● **DATA PROVIDED**:
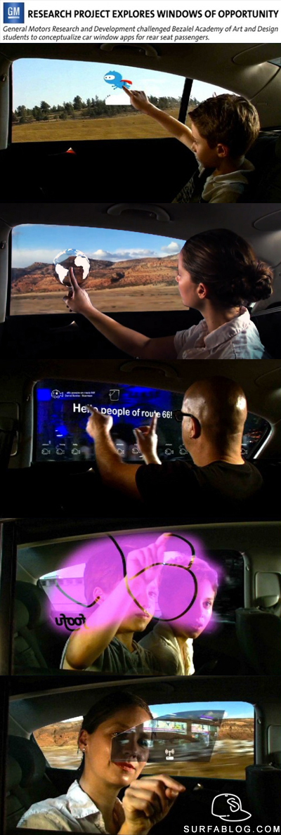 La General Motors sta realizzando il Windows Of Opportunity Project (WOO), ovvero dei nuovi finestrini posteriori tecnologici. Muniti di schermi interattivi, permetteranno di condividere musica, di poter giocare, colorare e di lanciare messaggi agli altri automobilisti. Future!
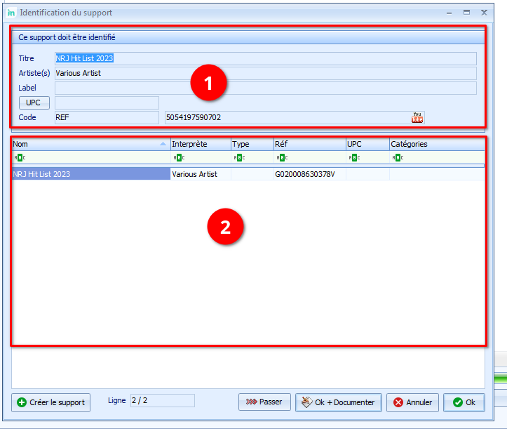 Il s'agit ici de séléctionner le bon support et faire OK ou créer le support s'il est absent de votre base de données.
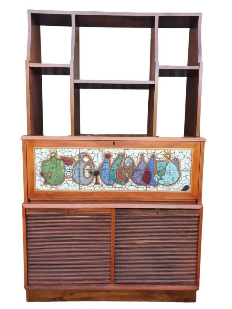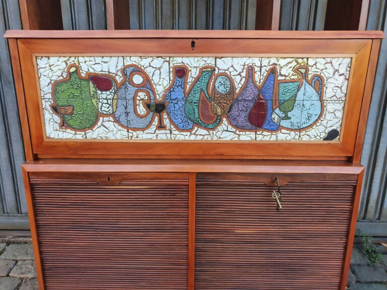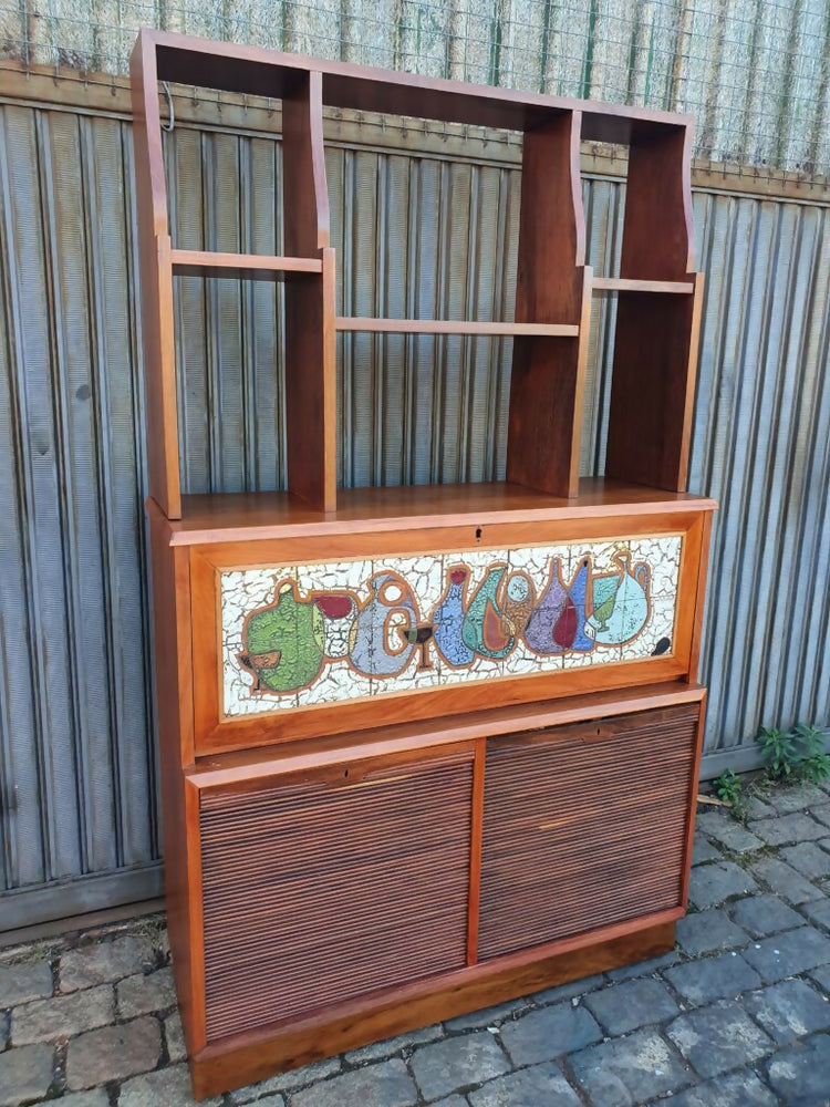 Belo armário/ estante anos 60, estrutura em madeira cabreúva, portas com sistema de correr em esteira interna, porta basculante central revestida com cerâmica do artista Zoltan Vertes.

● **INSTRUCTIONS TO FOLLOW**:
Begin with the line that contains "Il s'agit ici" and copy every line through the end of the listing, exactly as written, both ends included. Pictures are not part of the copy.

● **TASK OUTPUT**:
 Il s'agit ici de séléctionner le bon support et faire OK ou créer le support s'il est absent de votre base de données.
 Belo armário/ estante anos 60, estrutura em madeira cabreúva, portas com sistema de correr em esteira interna, porta basculante central revestida com cerâmica do artista Zoltan Vertes.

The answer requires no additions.